Prasanna Sattigeri
CV
(Last updated December 2022)
Professional Experience
Principal Research Scientist Dec. 2015-present
IBM Research AI, MIT-IBM Watson AI Lab
- Principal Investigator on joint project with Prof. Greg Wornell from MIT titled – “Principles and Methods for Trustworthy Learning With Limited Data”.
- Principal Investigator on joint project with Prof. David Sontag from MIT titled – “Human-Centric AI: Novel Algorithms for Shared Decision Making”.
Responsibilities:
- Conduct research on foundational topics in machine learning and artificial intelligence including efficiency, robustness, interpretability and trustworthiness of AI models.
- Develop analytical tools to solve challenging business problems.
- Disseminate research results through scholarly publications and generate intellectual property.
- Development of tools for computer vision, natural language processing, healthcare and signal processing.
Selected Projects:
- Leading a joint project with MIT through the MIT-IBM Watson AI Lab to conduct research on machine learning with limited human supervision, domain generalization and transfer learning of the models.
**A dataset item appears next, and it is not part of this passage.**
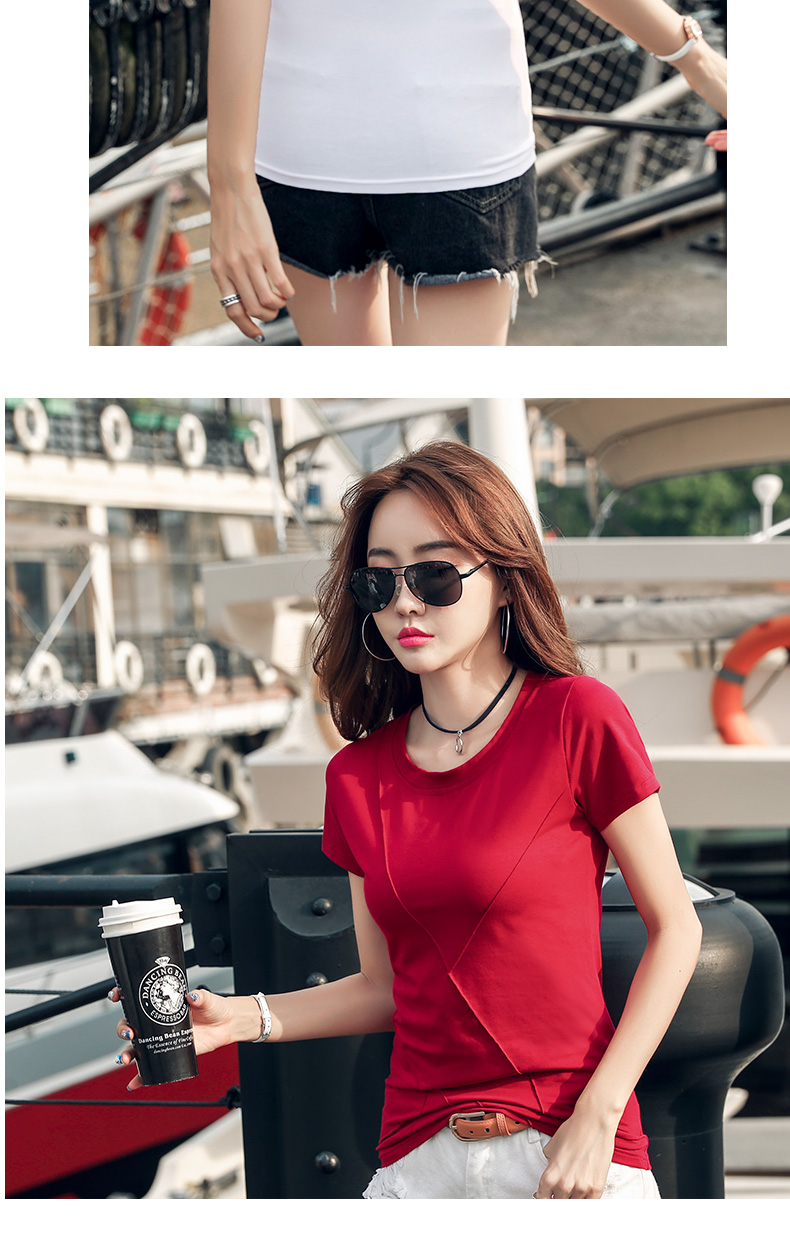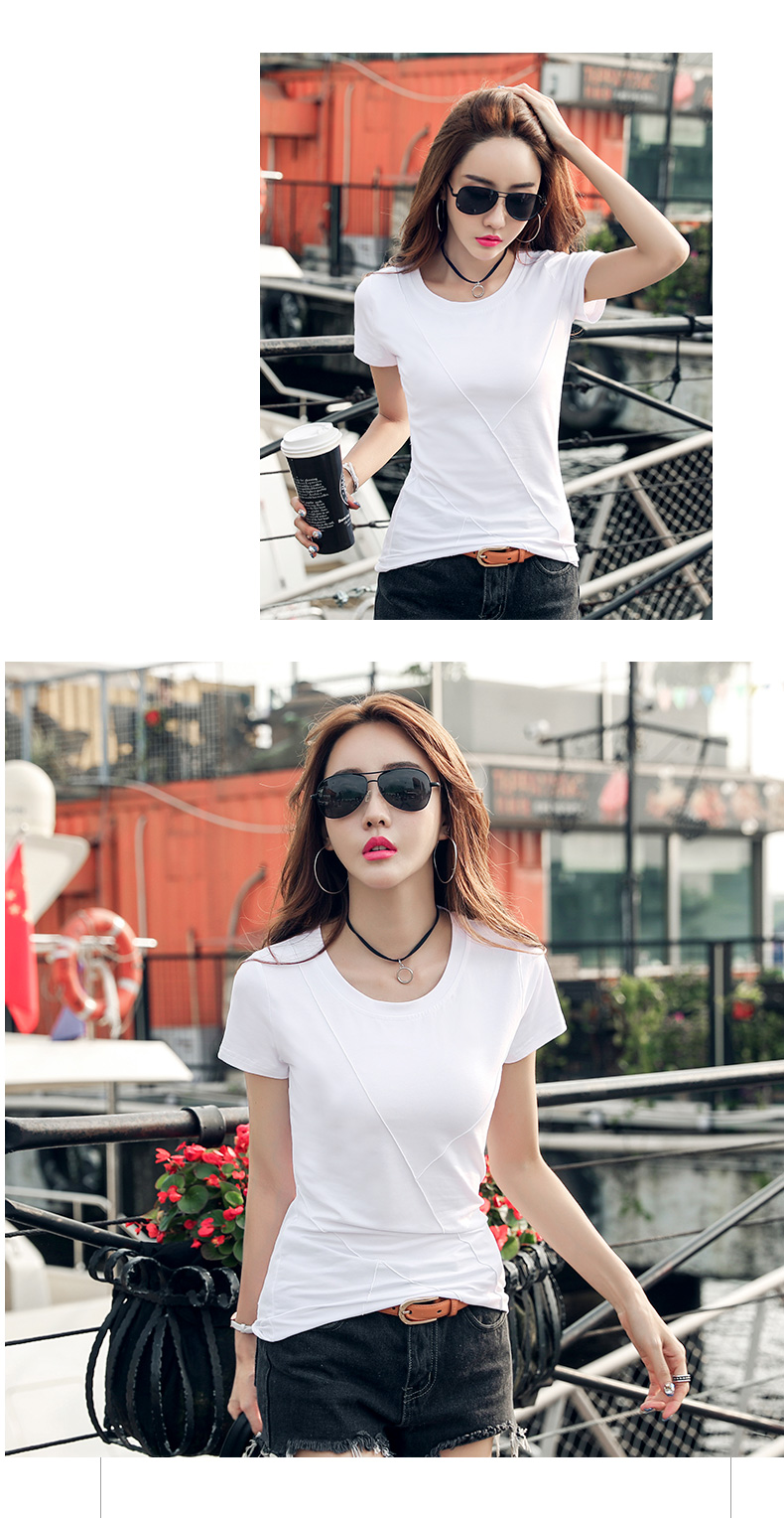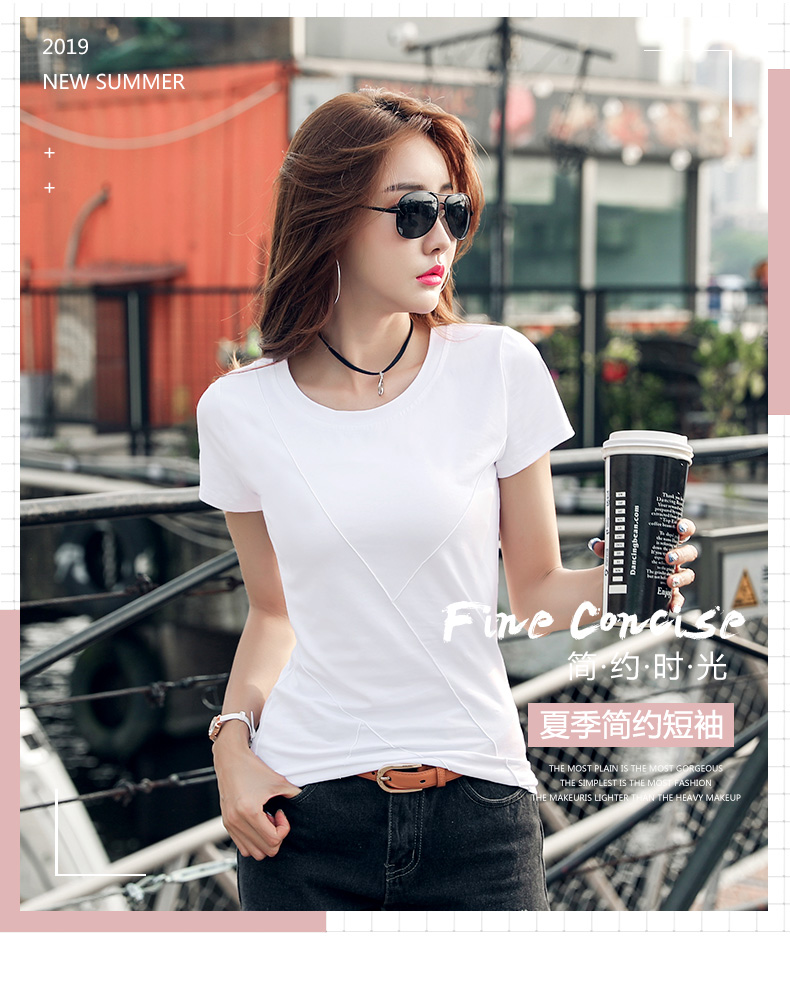韓版夏季純白色圓領短袖t恤女裝2019新款夏裝半袖棉短款體恤上衣

This work produced publications at top venues in AI field and a patent application which is currently under internal review.
- Designed and developed the technique of co-regularization that produced state-of-the-art results for unsupervised domain adaptation.
- Investigated the issues of domain shift in healthcare machine learning models and proposed benchmarks. This work received the best paper award.
- Developed innovative techniques to use the generative adversarial networks for semi-supervised learning. This achieved state-of-the-art on several vision tasks and results was presented at Neural Information Processing Systems.
- Conducted research on interpretability using generative models and proposed a new regularizer for variational autoencoder to promote disentanglement. This was then used to obtain contrastive explanation for model decisions. Resulted in publications and a patent application.
- Developed techniques to enhance the latent space of generative models to promote algorithmic fairness and interpretability. Contributed to the development of the AI Fairness and Explainability research toolbox that has seen wide adoption from researchers and practitioners. Received worldwide media attention and coverage.
Software Engineer Dec. 2014 to Dec. 2015
Yelp Inc., San Francisco, CA
- Developed machine learning algorithms and incorporated them into products used by large consumer userbase.
- Proposed natural language processing techniques and image understanding algorithms to improve search results for user queries. Part of the work was covered by media outlets.
- Prototyped systems for quantitative measurement of the deployed data science algorithms.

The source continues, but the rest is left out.